Exercise description:
Instruction for the data below: set down exactly the lines from the line with "Nuevo y popular" to the line with "सलोनी पर 7800", inclusive, and no others.

Given records:
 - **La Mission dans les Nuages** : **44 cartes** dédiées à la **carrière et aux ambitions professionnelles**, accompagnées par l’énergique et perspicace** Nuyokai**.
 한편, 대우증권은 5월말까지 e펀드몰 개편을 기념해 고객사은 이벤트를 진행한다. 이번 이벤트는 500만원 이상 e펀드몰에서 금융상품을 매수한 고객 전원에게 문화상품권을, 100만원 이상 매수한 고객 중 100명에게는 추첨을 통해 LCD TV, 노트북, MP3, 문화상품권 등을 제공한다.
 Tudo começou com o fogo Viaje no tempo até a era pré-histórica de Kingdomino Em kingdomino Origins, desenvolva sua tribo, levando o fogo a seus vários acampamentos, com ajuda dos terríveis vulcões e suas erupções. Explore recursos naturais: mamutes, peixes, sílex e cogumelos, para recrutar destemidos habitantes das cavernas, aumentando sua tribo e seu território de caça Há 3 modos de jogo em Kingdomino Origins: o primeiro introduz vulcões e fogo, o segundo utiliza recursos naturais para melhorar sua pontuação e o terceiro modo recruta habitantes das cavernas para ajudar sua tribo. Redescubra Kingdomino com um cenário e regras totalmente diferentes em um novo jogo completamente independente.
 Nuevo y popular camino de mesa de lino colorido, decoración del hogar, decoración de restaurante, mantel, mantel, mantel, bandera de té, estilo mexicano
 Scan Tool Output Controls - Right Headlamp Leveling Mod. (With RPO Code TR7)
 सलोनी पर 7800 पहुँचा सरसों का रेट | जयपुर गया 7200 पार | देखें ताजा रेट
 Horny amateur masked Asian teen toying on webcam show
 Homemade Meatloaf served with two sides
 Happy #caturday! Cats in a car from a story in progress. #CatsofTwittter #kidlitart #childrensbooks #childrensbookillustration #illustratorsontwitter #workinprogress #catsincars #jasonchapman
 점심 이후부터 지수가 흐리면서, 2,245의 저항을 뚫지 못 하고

Output below:
 Nuevo y popular camino de mesa de lino colorido, decoración del hogar, decoración de restaurante, mantel, mantel, mantel, bandera de té, estilo mexicano
 Scan Tool Output Controls - Right Headlamp Leveling Mod. (With RPO Code TR7)
 सलोनी पर 7800 पहुँचा सरसों का रेट | जयपुर गया 7200 पार | देखें ताजा रेट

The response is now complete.